31 outubro 2010

info derrotados3 Os derrotados da eleição

A guerra acabou. Dilma Rousseff é presidente do Brasil. Para chegar até aqui, teve que enfrentar uma das batalhas mais violentas da história da República. E venceu.

Derrotou não só seu adversário, José Serra, mas também um exército implacável, cruel e muito poderoso: os principais grupos de comunicação do país. Estes são os grandes derrotados nesse dia de glória para a democracia.

Os milhões de votos recebidos pela candidata petista são a prova gigantesca de que os brasileiros nunca mais se deixarão ser manipulados. Nem permitirão ser tratados como gente ignorante. O povo, definitivamente, não é bobo.

Durante meses, houve um bombardeio incessante de manchetes, chamadas, apelos, boatos e factoides. Um massacre impiedoso, orquestrado. Em fiapos de verdade, urdiram uma rede de mentiras e preconceitos.

Não bastou ser atacada durante o horário eleitoral gratuito. Isso faz parte do jogo. Infame foi ser fustigada diariamente pela propaganda política voluntária dos barões da mídia.

Dilma Rousseff e milhões de brasileiros enfrentaram o maior jornal do país, a Folha de S.Paulo. E a maior emissora de TV, a Globo. A revista de maior tiragem, a Veja. Nessa tropa de choque incansável também perfilam os jornais O Estado de S.Paulo e O Globo.

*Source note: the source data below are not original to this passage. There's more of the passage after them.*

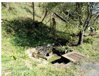
Vue d'ensemble depuis le chemin.
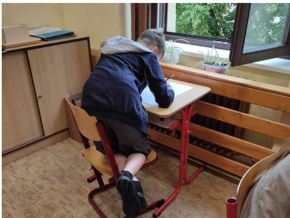
Obrázek 7: Samostatná tvorba

Po ukončení dema padlo několik doplňujících dotazů, mezi nimi například jestli se tužka dá rozmazávat, a po jejich zodpovězení se přistoupilo k samostatné tvorbě.
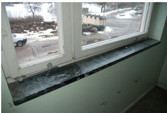
Bild 42. Detalj av fönster och fönsterbänk av marmor. Bildnr Vlm_kmvLS-1020
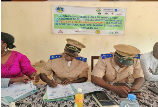
Signatures de Conventions d'Abandon contre les pratiques de l'Excision et du Mariage d'Enfants
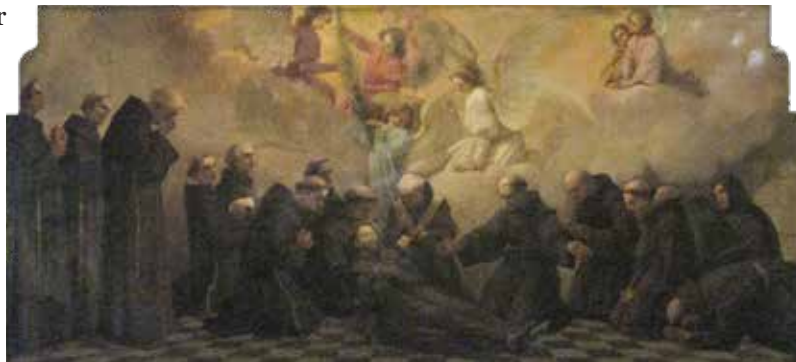
Kowalewski Otto, Transitus Sancti Francisci (Preminuće sv. Franje), 1914.

Etape odgoja kandidata ili kandidatice za redovnički život postupno uvode u prihvaćanje novog načina života usklađeno Pravilom i Konstitucijama Reda ili Družbe. Evanđeoski poziv na obraćenje, redovnica/redovnik živi u svakodnevnom preispitivanju vlastitog poziva i odgovora na svetost. Odgojne etape intenzivno pripremaju kandidata ili kandidatice da usvoje neprestalno preispitivanje vjernosti pozivu, ali istovremeno odbacivanje svega onoga što nije u skladu redovničkim načinu života. Postulatura, novicijat i postnovicijat temeljne su etape redovničkog odgoja koje oblikuju cjeloživotni način života jednog redovnika ili redovnice. ■
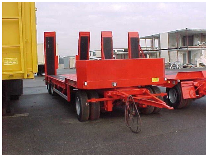
Bertoja Supercondor 30E / 3 axes
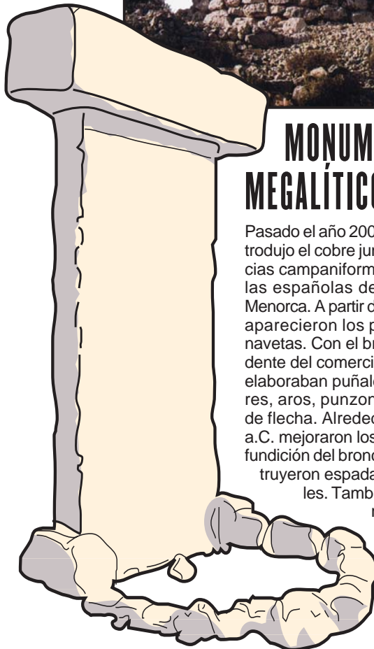
Taula de Torralba en Menorca

Pasado el año 2000 a.C., se introdujo el cobre junto a influencias campaniformes en las islas españolas de Mallorca y Menorca. A partir del 1700 a.C., aparecieron los poblados de navetas. Con el bronce procedente del comercio exterior se elaboraban puñales triangulares, aros, punzones y puntas de flecha. Alrededor del 1400 a.C. mejoraron las técnicas de fundición del bronce y se construyeron espadas y pectorales. También se erigieron los talayots.
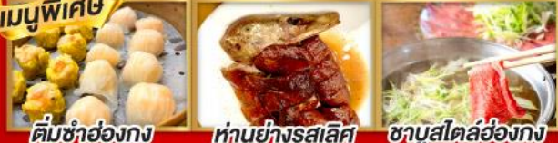
ติ่มซำฮ่องกง
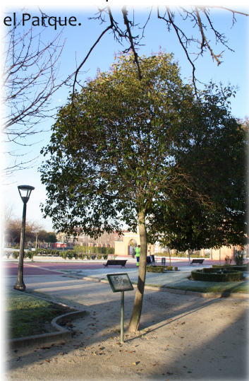
4. Individuo de Aligustre ( Ligustrum japonicum ) en el Parque.
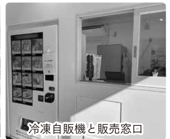
冷凍自販機と販売窓口
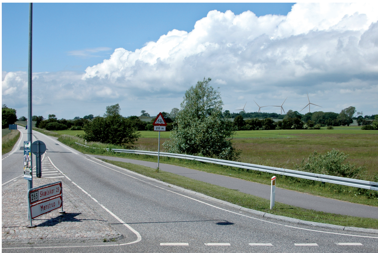
Visualisering med fire møller på op til 140 meter set fra Rute 265 ved Nybro ca. 2 km sydøst for mølleområdet ved Saltø Gods.
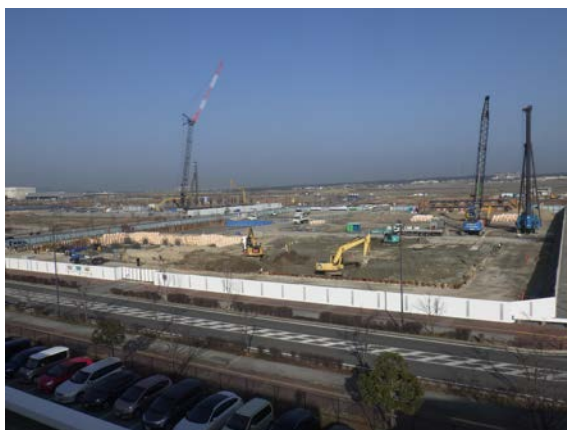
平成30年2月
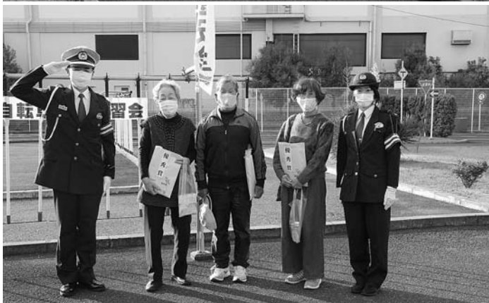
25名が熱心に受講、自転車事故ゼロをめざした
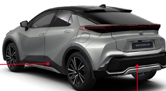
Zadní spodní lišta
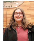
Fue nombrada por el Presidente Boric en 2022.

CONTINUARÁ EN 95 COMUNAS "QUE CORRESPONDEN PRINCIPALMENTE A CAPITALS REGIONALES" | c 9
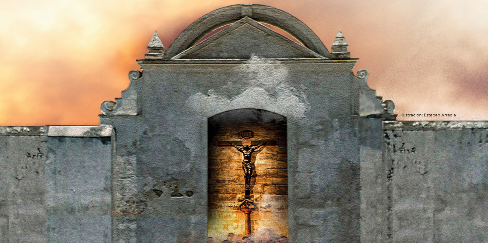
Ilustración: Esteban Arreola

El trayecto de la estación ocupa desde la Parroquia del Espíritu Santo hasta el Nuevo Calvario, la primera capilla se encontraba en la antañona Calle de las Ánimas, actual 7. a calle y 12. a avenida esquina, la última de las capillas aún se encuentra a los pies del Nuevo Calvario. El paso más tradicional de “La Estación” procesional es la 12. a avenida y 7. a calle, hasta la 9. a calle para doblar y buscar la 8. a avenida y retornar al Parque Centroamérica por la 6. a calle, al finalizar este recorrido ya cada procesión busca su templo.
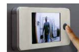
Aufgesetzt für ST

DE-DE - 05/19 Druckfehler, Irrtümer und Technische Änderungen vorbehalten.
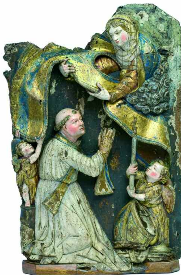
IMPOSICIÓN DA CASULA A SAN ILDEFONSO
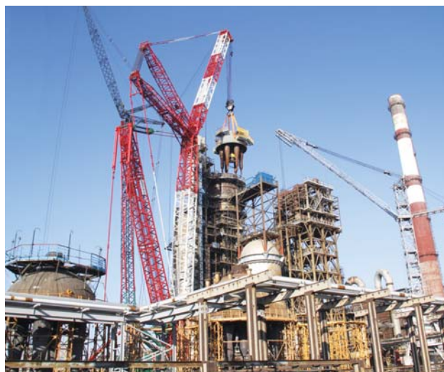
Комплекс глубокой переработки нефти, реакторно-регенераторный блок установки каткрекинга. ОАО «ОМУС-1» производит монтаж верхнего днища реактора Р-201 со сборными камерами и группами циклонов

Только за последние пять лет работы по проведению планово-предупредительных капитальных ремонтов и два года работ по реконструкции существующих установок ПНХЗ заключил с компаниями Российской Федерации договоров на общую сумму
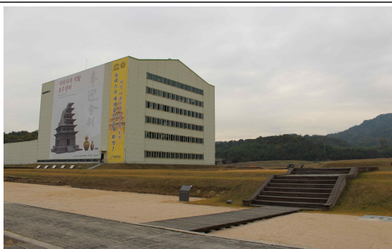
미륵사지 석탑 복구실 전경

○ 현재 백제역사유적지구의 단점도 긴 문화유산 보존/관리라는 측면 중 한 시점이며, 우리는 그 시점에서 ‘백제 문화와 역사’를 받아들일 수 있는 기회를 제공해야 함.
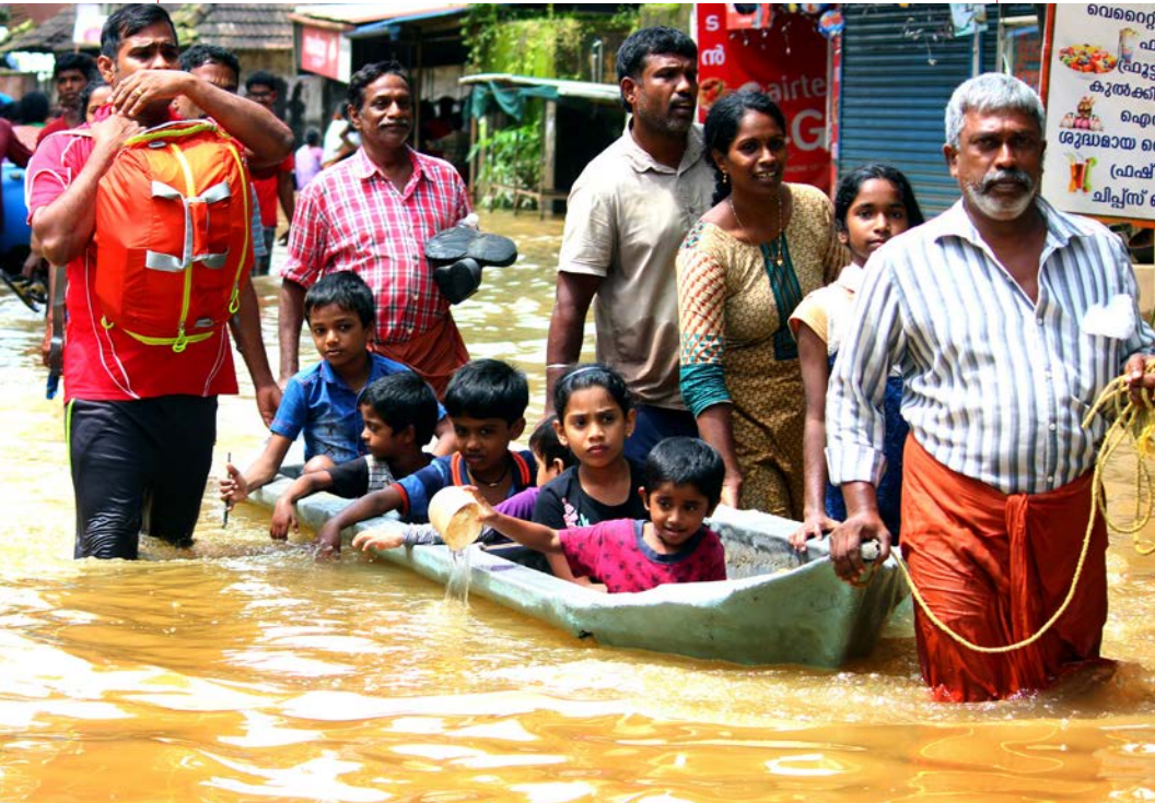
Operaciones de rescate en el norte de Paravur, distrito de Ernakulam
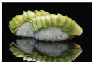
122. NIGHIRI AVOCADO € 4,00 avocado
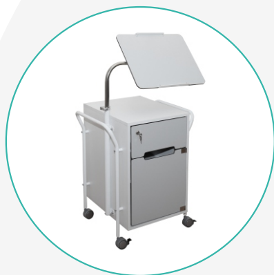
Тумбочка прикроватная ТП
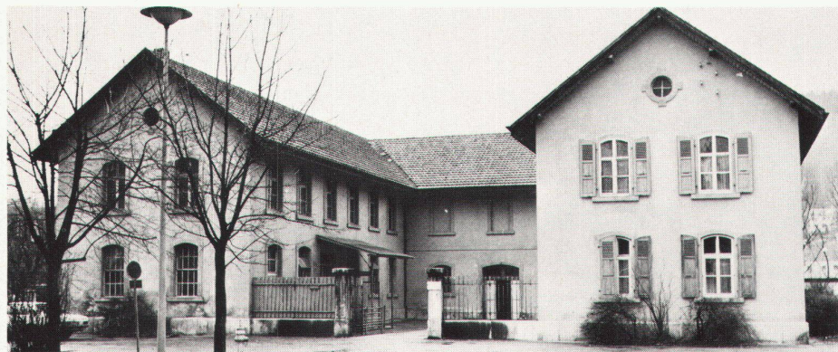
Depuis quelques années les abattoirs de Laufen ne sont utilisés que pendant deux ou trois heures par semaine seulement

werk: Mit der Ausschreibung eines Ideenwettbewerbs zur Nutzung vorhandener Bauten für Freizeit- und Bildungsaktivitäten liefert die Université populaire jurassienne ein wegweisendes Beispiel zur Reform des architektonischen Wettbewerbskonzeptes. Bezweckt dieser Wettbewerb, der regionalen Charakter hat, zugleich auch die Schaffung einer Träger- und Verteilerstruktur der ausgearbeiteten Programme und Beiträge einer Institution im Sinne der Verbreitung kultureller und Bildungsleistungen?
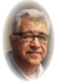
د. فالح الجمراي

وقع الرئيسان فلاديمير بوتين ومسعود بيزشكيان اتفاقية الشراكة الاستراتيجية الشاملة بين روسيا وإيران في 17 كانون الثاني في الكرملين. وجاء توقيع الاتفاقية نتيجة الزيارة الرسمية التي قام بها الرئيس الإيراني إلى موسكو. وأجرى محادثات مع رئيس الوزراء ميخائيل ميشوستين. ووفقاً للرئيس الروسي فلاديمير بوتين "إن الاتفاقية التي وقعناها تخلق أساساً إضافياً مهماً وجدياً لبناء علاقات ذات طبيعة ثقة وعلى أساس المبادئ التي ذكرتها للتو. هذا اتفاق على أولوياتنا، وعلى الالتزام بهذه الأولويات. هذا الاتفاق يسمح لنا بتعزيز علاقاتنا الثنائية لصالح الشعب الإيراني وشعبي الاتحاد الروس".

Turma da pesada.

Nos próximos dias, sempre às 10h e às 16h, vamos usar este espaço para detalhar a forma como esses derrotados agiram do alto de seus palanques. Como pisotearam a liberdade de imprensa.

Cada um com seus soldados. Ou capangas. Tanto poder para quê? Tanta arrogância, fulminada pela força das urnas. Os que escrevem e entrevistam e ditam editoriais ficaram mudos. Quem manda, senhores do universo, é quem lê, quem ouve, quem vê. Os vitoriosos. Deste Brasil.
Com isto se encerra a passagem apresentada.